The way it determines if file contents have changed is up to you. It does this by using a “content signature.” This is a string that will be different between source and target if the file contents have changed.

In the default implementation, it simply uses LastWriteTime, converted to a Unix timestamp. So, it’s just comparing file write times – if they’re different between source and target, then the file content is assumed to be different, and the source file will overwrite the target file.

This is very fast (because it doesn’t have to read the file contents), and it has been perfectly accurate in my usage so far.

However, you can get more exact, if you like –

There is a static delegate on FileRef called GetContentSignature.
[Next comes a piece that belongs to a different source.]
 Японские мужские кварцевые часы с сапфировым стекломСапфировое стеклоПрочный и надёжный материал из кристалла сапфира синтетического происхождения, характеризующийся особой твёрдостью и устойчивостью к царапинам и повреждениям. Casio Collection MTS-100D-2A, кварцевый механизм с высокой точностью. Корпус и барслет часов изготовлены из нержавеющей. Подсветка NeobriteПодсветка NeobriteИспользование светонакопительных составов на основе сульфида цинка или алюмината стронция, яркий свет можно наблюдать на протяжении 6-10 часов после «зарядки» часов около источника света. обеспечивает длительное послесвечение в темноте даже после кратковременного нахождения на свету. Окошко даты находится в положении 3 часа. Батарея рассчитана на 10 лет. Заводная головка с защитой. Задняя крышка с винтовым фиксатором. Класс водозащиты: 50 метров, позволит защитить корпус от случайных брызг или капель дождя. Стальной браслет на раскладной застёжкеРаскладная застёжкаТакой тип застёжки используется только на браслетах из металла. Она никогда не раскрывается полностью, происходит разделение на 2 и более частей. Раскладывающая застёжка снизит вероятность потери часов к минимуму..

You can re-implement this to use any other method you like – you just need to return a string that represents the file contents in a way that will be reliably different between source and target if the content has changed.
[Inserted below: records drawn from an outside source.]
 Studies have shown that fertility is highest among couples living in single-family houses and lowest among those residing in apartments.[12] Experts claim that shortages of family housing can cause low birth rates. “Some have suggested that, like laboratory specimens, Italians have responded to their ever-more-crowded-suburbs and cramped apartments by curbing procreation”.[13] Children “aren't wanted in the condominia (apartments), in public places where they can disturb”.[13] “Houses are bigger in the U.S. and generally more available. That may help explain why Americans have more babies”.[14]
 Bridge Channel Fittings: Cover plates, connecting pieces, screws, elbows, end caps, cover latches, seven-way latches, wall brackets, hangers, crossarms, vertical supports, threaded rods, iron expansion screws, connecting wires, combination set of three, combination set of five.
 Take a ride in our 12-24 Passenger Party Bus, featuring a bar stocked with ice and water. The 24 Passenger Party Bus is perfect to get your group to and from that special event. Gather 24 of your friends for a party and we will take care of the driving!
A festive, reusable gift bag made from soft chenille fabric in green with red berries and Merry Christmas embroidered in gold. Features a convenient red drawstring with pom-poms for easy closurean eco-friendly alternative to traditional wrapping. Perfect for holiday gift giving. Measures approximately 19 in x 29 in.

FileRef.GetContentSignature = (f) => {

  // f is the FileRef object
  // f.File is the FileInfo of the underlying file

  // Do whatever you need to do to represent the content as a string
  return "this is the content signature";

}

Obvious example for a universally accurate signature –

If you’re always dealing with text files, you could literally read the entire file contents as the signature. This would be the most brute force and inefficient method, and would clearly only work with text. This will require a file read which will slow things way down, but it would indisputably be the most accurate method.

If you have non-text files, you’d just need to create a string hash of the bytes of the file. Here’s what that would look like (the ToMD5Hash extension method is provided in the code):

FileRef.GetContentSignature = (f) => 
{
  return File.ReadAllBytes(f.File.FullName).ToMD5Hash();
};

In my usage situation (6,000 files), this method ran in about 30 seconds, as opposed to less than one second.

(The first time I ran it, it took almost two minutes, but it was never again that slow. This happened in another instance as well – the first time, it took 4-5 times as long as every subsequent time. After a reboot, it goes back to the long execution time. I have to assume Windows is caching some file data.)

The sole benefit to this is that it doesn’t copy files that are unchanged, even if they were written. To test this, I re-deployed a ZIP file to the source without any changes. The hash method did not copy the file over to target, since the bytes/hash were the same. When I switched back to the (default) signature based on the last write time, the file copied over since the write times were different.